*** RECORDS PROVIDED Section Begins ***

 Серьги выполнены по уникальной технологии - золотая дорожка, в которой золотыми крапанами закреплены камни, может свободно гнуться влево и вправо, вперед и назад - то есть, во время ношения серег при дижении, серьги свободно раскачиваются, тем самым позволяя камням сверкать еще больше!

*** RECORDS PROVIDED Section Ends ***
*** RECORDS PROVIDED Section Begins ***

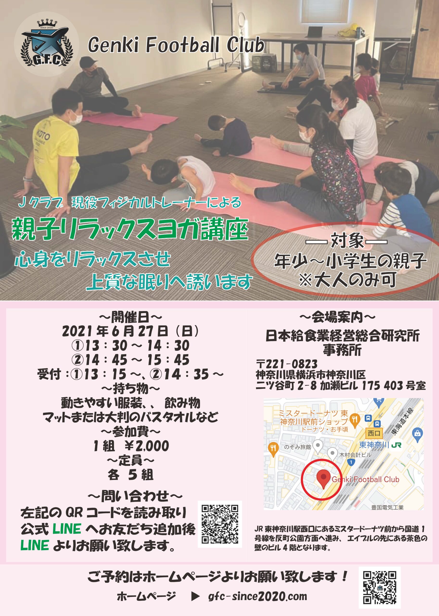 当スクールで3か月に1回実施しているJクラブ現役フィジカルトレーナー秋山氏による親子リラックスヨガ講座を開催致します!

*** RECORDS PROVIDED Section Ends ***
*** RECORDS PROVIDED Section Begins ***

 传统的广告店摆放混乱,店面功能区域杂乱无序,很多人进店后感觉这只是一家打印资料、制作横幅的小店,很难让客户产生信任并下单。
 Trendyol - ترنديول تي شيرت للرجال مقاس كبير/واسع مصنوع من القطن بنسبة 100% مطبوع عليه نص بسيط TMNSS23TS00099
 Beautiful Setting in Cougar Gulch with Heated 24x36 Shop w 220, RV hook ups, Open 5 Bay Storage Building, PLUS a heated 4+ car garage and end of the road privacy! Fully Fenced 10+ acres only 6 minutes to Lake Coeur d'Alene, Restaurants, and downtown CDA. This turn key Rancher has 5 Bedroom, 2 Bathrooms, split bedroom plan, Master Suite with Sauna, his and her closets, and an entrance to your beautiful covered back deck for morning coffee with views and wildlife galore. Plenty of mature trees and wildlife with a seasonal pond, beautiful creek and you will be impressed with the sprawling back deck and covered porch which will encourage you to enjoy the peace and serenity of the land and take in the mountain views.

*** RECORDS PROVIDED Section Ends ***

> EXERCISE DESCRIPTION
Copy out precisely the lines from the line with "传统的广告店摆放混乱,店面功" to the line with "Trendyol - ترنديول" in the material above, including those two lines and omitting all the rest.

> PROBLEM SOLUTION
 传统的广告店摆放混乱,店面功能区域杂乱无序,很多人进店后感觉这只是一家打印资料、制作横幅的小店,很难让客户产生信任并下单。
 Trendyol - ترنديول تي شيرت للرجال مقاس كبير/واسع مصنوع من القطن بنسبة 100% مطبوع عليه نص بسيط TMNSS23TS00099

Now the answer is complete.